From the variety of dishes to the neighborhood vibe and focus on interesting quality wines, Matteo’s brings skill and passion together to create delightful memories and beautiful food.
The offerings skew toward modern American comfort food with an Italian twist. Most nights, the specials list is nearly as long as the regular menu. The wine list is long enough to take much of the night to read it. Matt (Matteo) Woolston doesn’t think small, even with a neighborhood restaurant.
Dr. Au’s recommendation of ribs was spot-on. The St. Louis-style baby back ribs were lacquered with an incredible smoky-sweet barbecue sauce. The ribs, tender yet firm, came with a side of perfect hand-cut fries and a simple but marvelous pile of slaw. My wife is a tough critic on coleslaw. There wasn’t a shred of cabbage left on the plate.
I couldn’t pass on one of my favorite dishes, beef stroganoff. Woolston goes with porcini-crusted sliced filet mignon and wild mushrooms over fettuccine. The gorgeous cream and Madeira sauce is so glossy you can see your reflection.

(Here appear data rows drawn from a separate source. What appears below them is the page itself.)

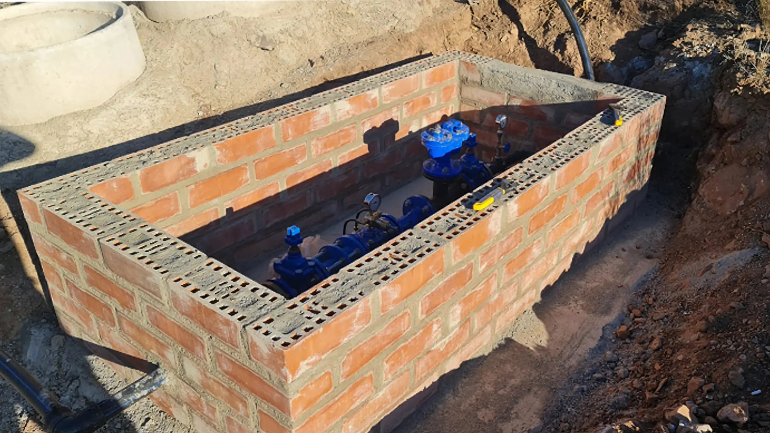 Descripción: Instalación de nueva cañería en 800 m de HDPE 2″, implementación de cámara de válvulas, suministro de 1 válvula reductora de presión DN-50 BB, suministro de 1 filtro tipo canastillo DN-50 BB, 2 manómetros gliserina 0 16bar 1/4 acero inoxidable, suministro de 3 válvulas de corte DN-50 BB, instalación de válvulas de paso y venteo, fabricación de válvula despiche y el suministro e instalación de 9 arranques de agua potable.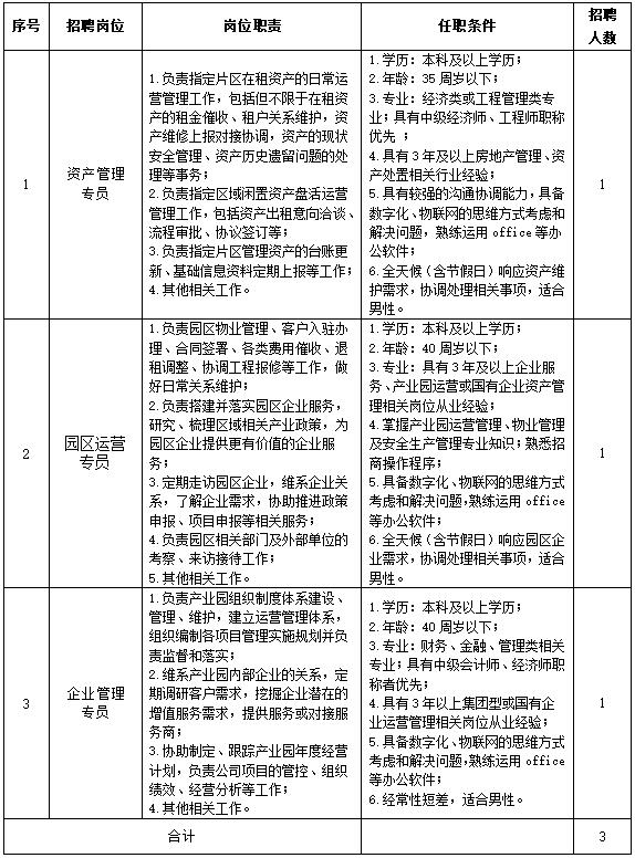 常州市武晋城市资源运营有限公司组建于2020年9月,为武进经发集团旗下专门从事城市资源运营管理的全资子公司,公司主要围绕区域内相关城市资产资源的挖掘、整合、盘活以提升资产资源的运营质量和效益。现因业务发展需求,拟面向社会公开招聘3名专业人员,招聘具体事项如下: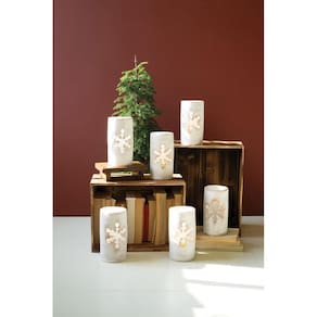 Luminaría de copo de nieve hecha de arcilla blanca.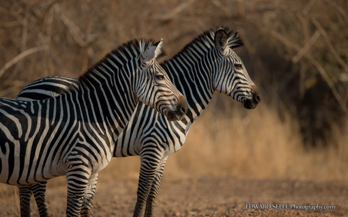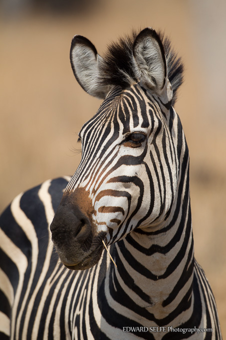 Heading out of the park, we came across a herd of zebras crossing the road. The light was bright but with some some careful use of metering, we could get some portraits.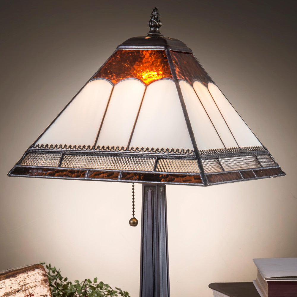 This Mission style stained glass lamp features larger panels of ivory opalescent complemented by translucent chocolate brown. Clear honeycomb glass trim and metal filigree add to the craftsman style of this table lamp.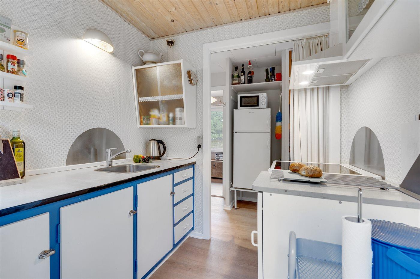 Die Küche ist mit Kühlschrank ausgestattet. Außerdem gibt es 4 Keramik-Kochfelder, Umluftofen, Mikrowelle.

A busy and effective pizza oven turns out pies rustic and modern. And although pizza is in the name of the place it’s only a small part of the menu. Steer toward the “Stu,” a pie loaded with prosciutto, wild mushrooms, caramelized onions, mozzarella, fontina and arugula.

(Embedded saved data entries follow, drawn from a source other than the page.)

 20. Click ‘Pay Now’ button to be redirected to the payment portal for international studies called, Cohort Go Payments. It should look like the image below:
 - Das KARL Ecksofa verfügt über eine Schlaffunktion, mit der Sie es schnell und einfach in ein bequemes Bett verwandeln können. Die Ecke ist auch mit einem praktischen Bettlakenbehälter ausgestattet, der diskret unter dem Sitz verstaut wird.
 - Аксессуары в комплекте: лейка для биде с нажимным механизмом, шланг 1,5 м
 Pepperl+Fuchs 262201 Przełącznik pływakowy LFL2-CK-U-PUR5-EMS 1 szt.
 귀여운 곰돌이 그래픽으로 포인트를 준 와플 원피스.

On top of lunch and dinner and a Saturday brunch featuring an egg-topped “Rise & Shine” pizza, the other focus of Matteo’s is wine. A well-stocked and bustling wine shop features wines from all over the planet at prices across the affordability range. Savvy wine lovers can find single bottles, cases and everything in between.

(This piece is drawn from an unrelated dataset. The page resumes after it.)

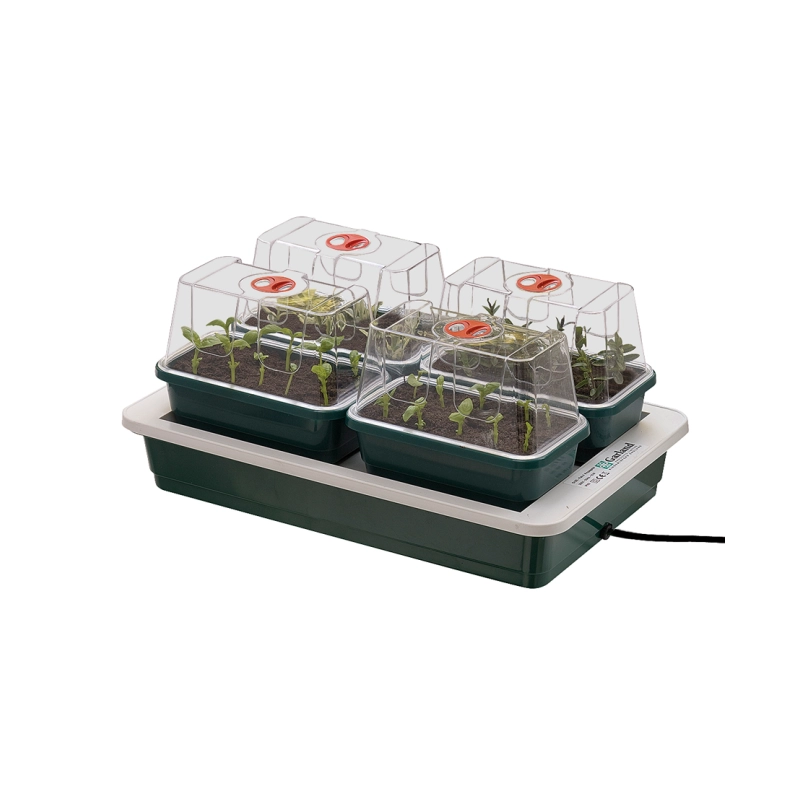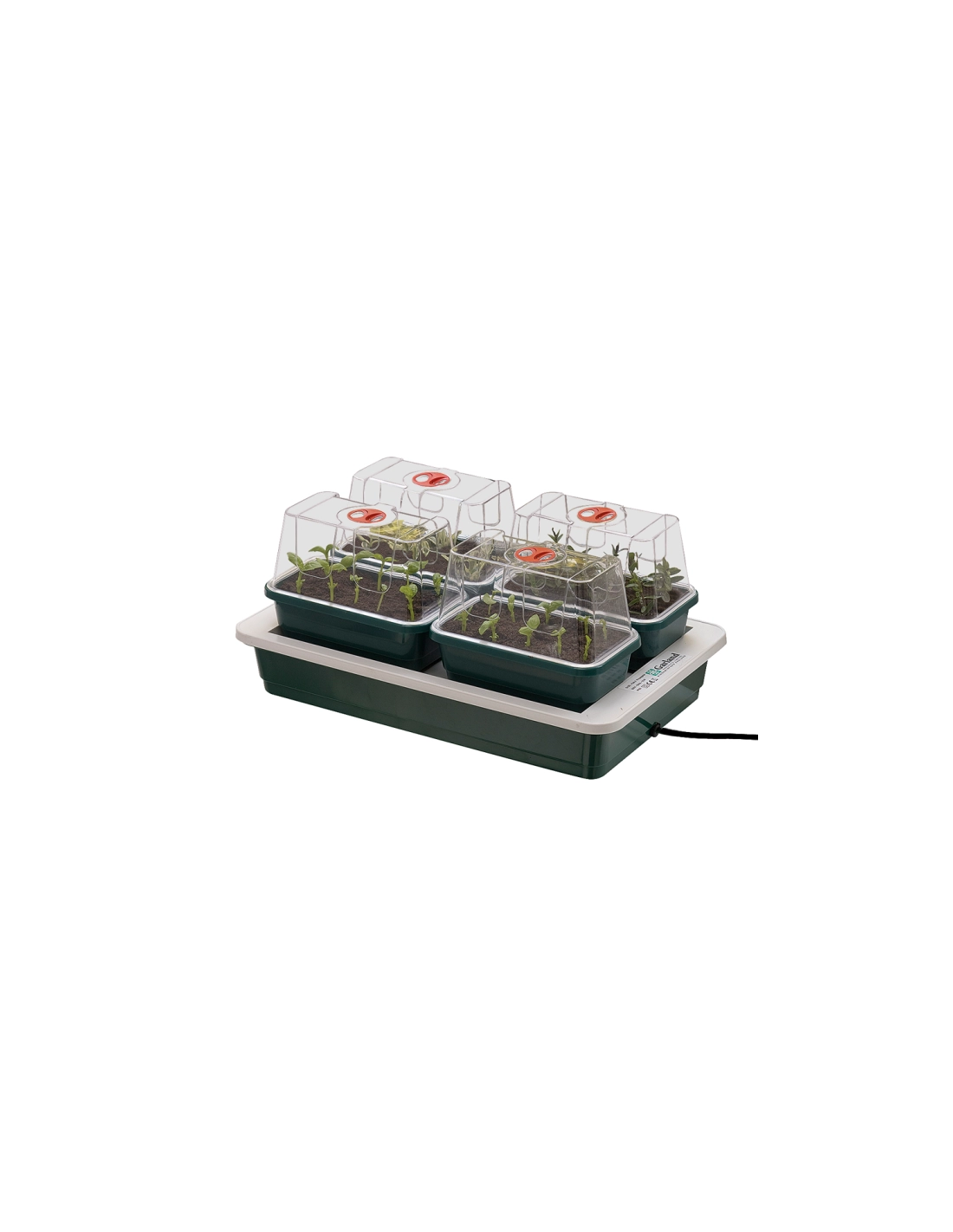 4 mini-serres, parfaites pour être placées sur un rebord de fenêtre. Pour les jardiniers qui souhaitent cultiver une série de variétés de semences. Cette unité n'est pas contrôlée par un thermostat et a été conçue pour augmenter la température ambiante du compost d'environ 8 °C. Elle peut donc être utilisée comme serre.

The shop features an ongoing series of winemaker dinners and tastings that may introduce you to new wines. You can trust Woolston’s cooking to bring out every element of a wine’s profile.
Like all great neighborhood eateries, there’s something for everyone, even kids. Mac and cheese, simple pizzas and a darned good cheeseburger are available every night.
So, whether you’re looking for an upscale date night, an evening of wine exploration or just a quality family meal, you will get what you need at Matteo’s. And you might even run into old friends.